Top of Dataset content
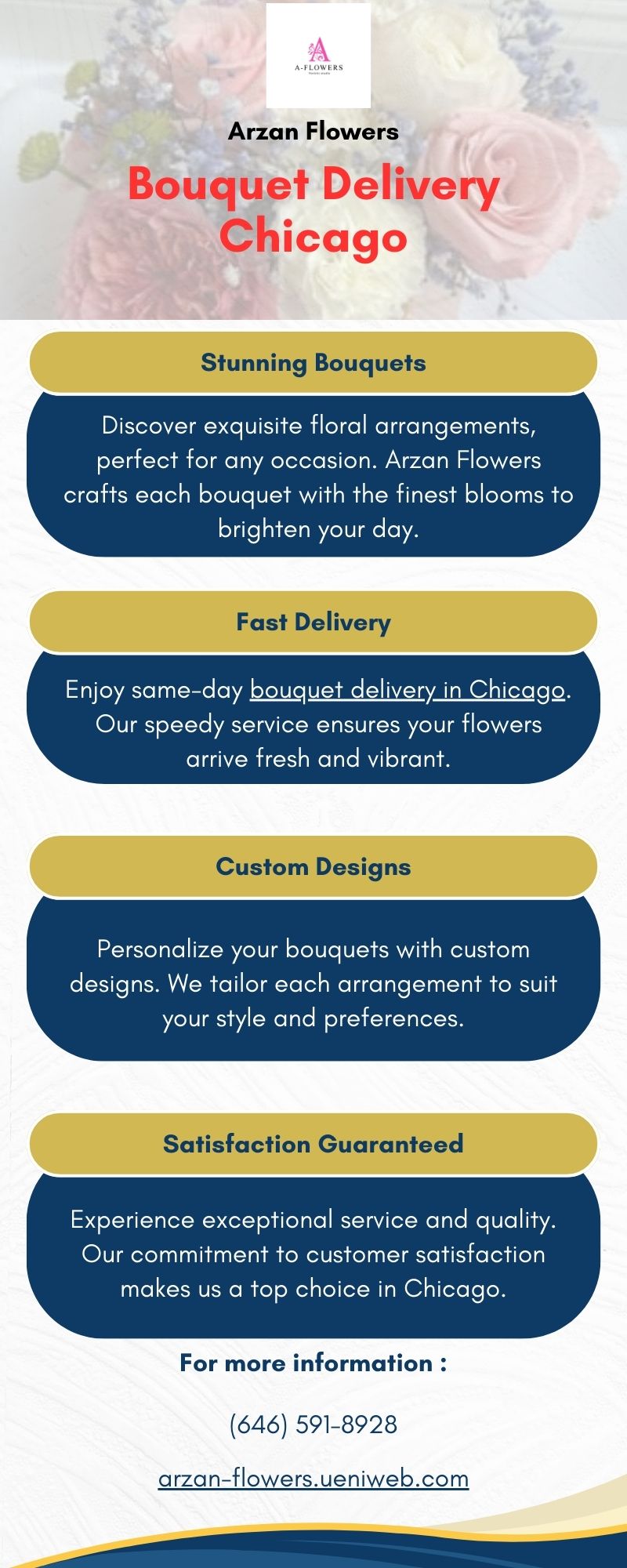 Were you looking for reliable bouquet delivery in Chicago? Look no further than Arzan Flowers! Our stunning bouquets are handcrafted with love and delivered straight to your door. With a wide selection of fresh flowers and personalized arrangements, we are dedicated to bringing beauty and joy to every occasion. Experience the convenience and quality of Arzan Flowers - your go-to florist in Chicago!
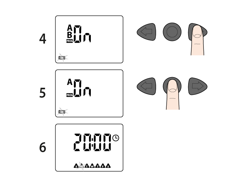 Appuyez sur les flèches pour activer le programme souhaité A, B, les deux programmes, ou bien les mettre en arrêt OFF.
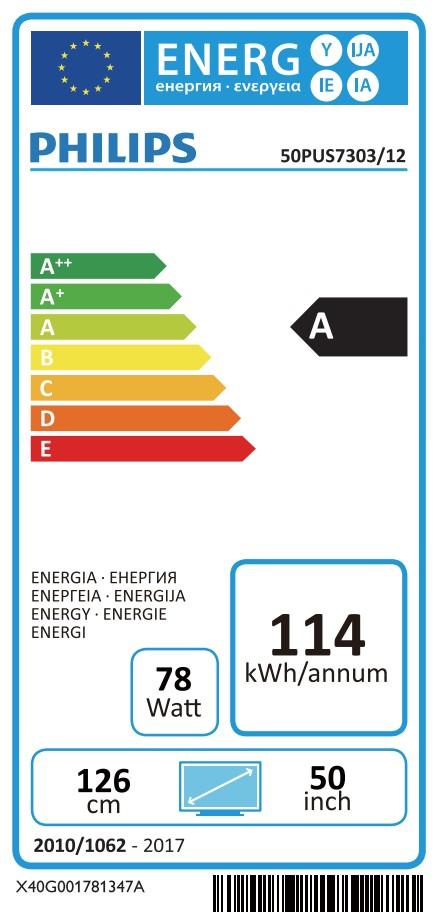 * Spotreba energie v kWh za rok na základe spotreby energie televízora spusteného 4 hodiny denne po dobu 365 dní. Skutočná spotreba energie bude závisieť od spôsobu využívania televízora.
Bottom of Dataset content
What to do -
Repeat the material above precisely as it appears, omitting the images it contains.

Completed task -
 Were you looking for reliable bouquet delivery in Chicago? Look no further than Arzan Flowers! Our stunning bouquets are handcrafted with love and delivered straight to your door. With a wide selection of fresh flowers and personalized arrangements, we are dedicated to bringing beauty and joy to every occasion. Experience the convenience and quality of Arzan Flowers - your go-to florist in Chicago!
 Appuyez sur les flèches pour activer le programme souhaité A, B, les deux programmes, ou bien les mettre en arrêt OFF.
 * Spotreba energie v kWh za rok na základe spotreby energie televízora spusteného 4 hodiny denne po dobu 365 dní. Skutočná spotreba energie bude závisieť od spôsobu využívania televízora.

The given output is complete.